You need to determine the general solution of homogeneous equation `y" + y = 0` .

You should come up with the substitution `y" = t^2` , such that:

`t^2 +1 = 0 =gt t^2 = -1 =gt t_(1,2) = +-sqrt(-1)`

`t_(1,2) = +-i ` (complex numbers theory)

Hence, the general solution of homogeneous equation `y" + y = 0` is

`y_h = c_1*sin x + c_2*cos x`

You need to substitute function `v_1(x)` for constant `c_1` and function `v_2(x)` for constant `c_2` to find the particular solution `y_p` to the nonhomogeneous equation such that:

`y_p =v_1(x)*sin x + v_2(x)*cos x`

Since you need to determine two unknown functions, hence you need to use two equations.

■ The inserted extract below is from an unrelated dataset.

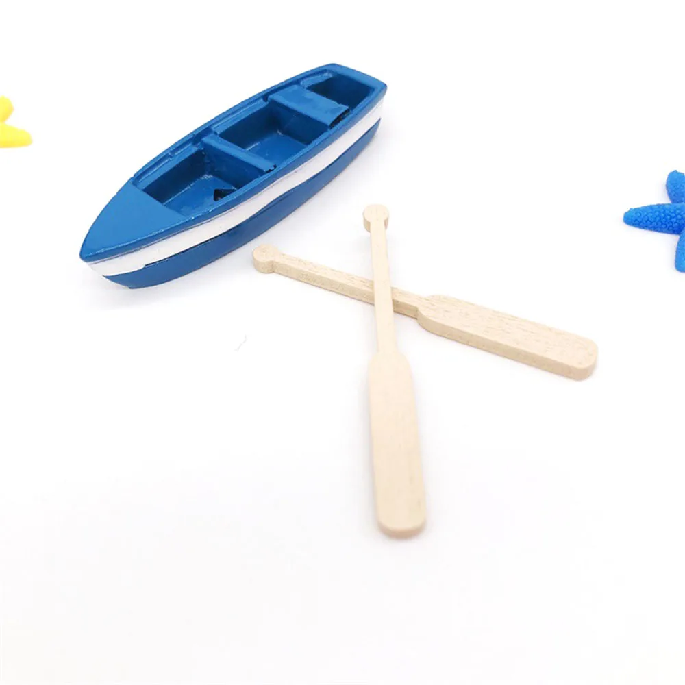Миниатюрные аксессуары для кукольного домика, миниатюрная полимерная лодка с двумя веслами, модель пляжа, игрушка для украшения кукольного дома, 112
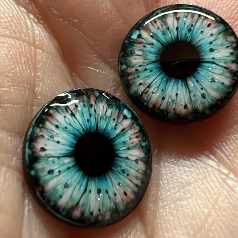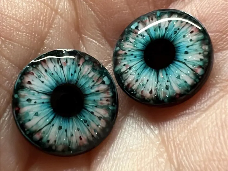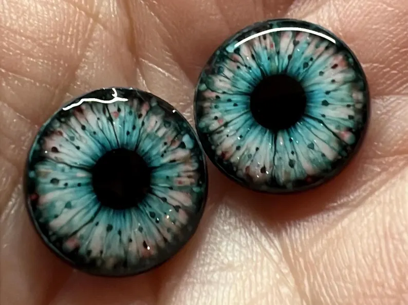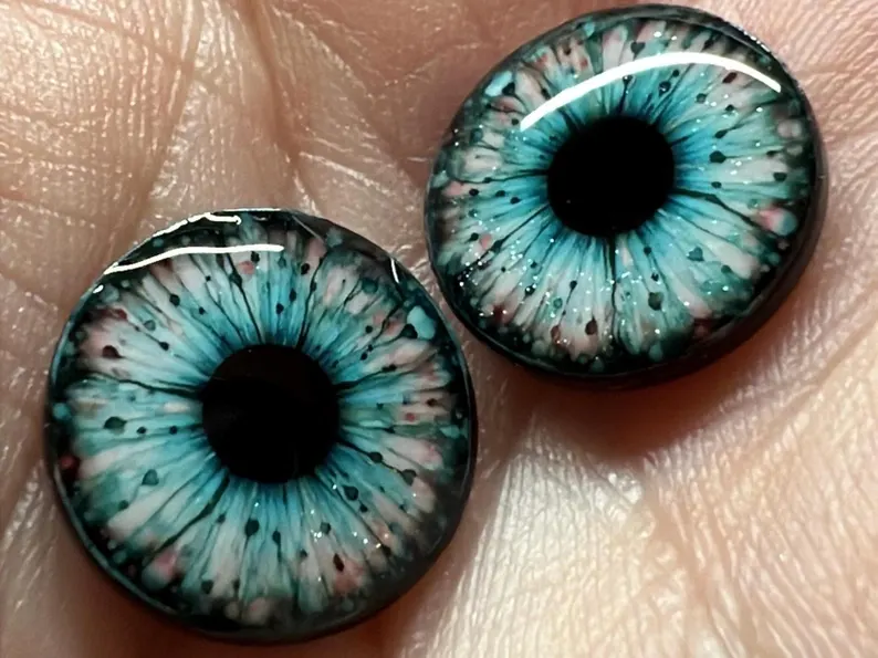 A crisp watercolor style aqua design with a cool, luminous glow and just the right hit of sparkle. Layered with inky detail and soft rosy flecks, these eye chips have a fresh, glossy depth that feels both dreamy and striking. Perfect for dolls that need a look that’s fantastical, polished, and impossible to ignore.

Differentiating `y_p` with respect to x yields:

`y_p' = v_1'*sin x + v_1*cos x + v_2'*cos x- v_2*sin x`

You need to impose the following condition such that:

`v_1'*sin x + v_2'*cos x = 0 `

Substituting 0 for `v_1'*sin x + v_2'*cos x` in equation of `y_p' ` yields:

`y_p' = v_1*cos x- v_2*sin x`

You need to differentiate `y_p'` such that:

`y_p'' = v_1'*cos x - v_1*sin x - v_2'*sin x - v_2*cos x`

You need to substitute `y_p` and `y_p''` in nonhomogeneous equation yields:

`v_1'*cos x - v_1*sin x - v_2'*sin x - v_2*cos x + v_1*sin x + v_2*cos x = tan x`

Reducing like terms yields:

`v_1'*cos x - v_2'*sin x = tan x`

You need to solve for `v_1'` and `v_2'` the equations `v_1'*cos x - v_2'*sin x = tan x` and `v_1'*sin x + v_2'*cos x = 0 ` such that:

You need to multiply the equation `v_1'*sin x + v_2'*cos x = 0` by `sin x` such that:

`v_1'*sin^2 x+ v_2'*sin x*cos x = 0`

You need to multiply the equation `v_1'*cos x - v_2'*sin x = tan x ` by `cos x` such that:

`v_1'*cos^2 x - v_2'*sin x*cos x= sin x`

Adding `v_1'*cos^2 x - v_2'*sinx*cos x = sin x` to equation `v_1'*sin^2 x + v_2'*sin x*cos x = 0` yields:

`v_1'*sin^2 x + v_2'*sin x*cos x +v_1'*cos^2 x - v_2'*sin x*cos x = sin x`

Reducing like terms yields:

`v_1'(sin^2 x + cos^2 x) = sin x`

You need to use the basic formula of trigonometry such that:

`sin^2 x + cos^2 x = 1`

`v_1' = sin x`

You need to integrate both sides such that:

`v_1 = int sin x dx =gt v_1 = -cos x`

You need to find `v_2'` such that:

`sin x*sin^2 x= -v_2'*sin x*cos x =gt v_2' = tan x* sin x`

You need to integrate both sides such that:

`v_2 = -int (sin^2 x dx)/cos x`

`v_2 = -int ((1 - cos^2 x)dx)/cos x`

`v_2 =- int (dx)/cos x+ int cos x dx`

`v_2 = sin x - ln|sec x + tan x|`

Hence, the particular solution to nonhomogeneous equation is :

`y_p = y_p = v_1(x)*sin x + v_2(x)*cos x`

Substituting `v_1` by `-cos x` and `v_2` by `sin x - ln|sec x + tan x|` yields:

`y_p = -sin x*cos x+ sin x*cos x -cos x*ln|sec x + tan x|`

`y_p = - cos x*ln|sec x + tan x|`

**Collecting both solutions `y_h ` and `y_p` yields the general solution of nonhomogeneous differential equation such that:**

**`y =c_1*sin x + c_2*cos x- cos x*ln|sec x + tan x|` **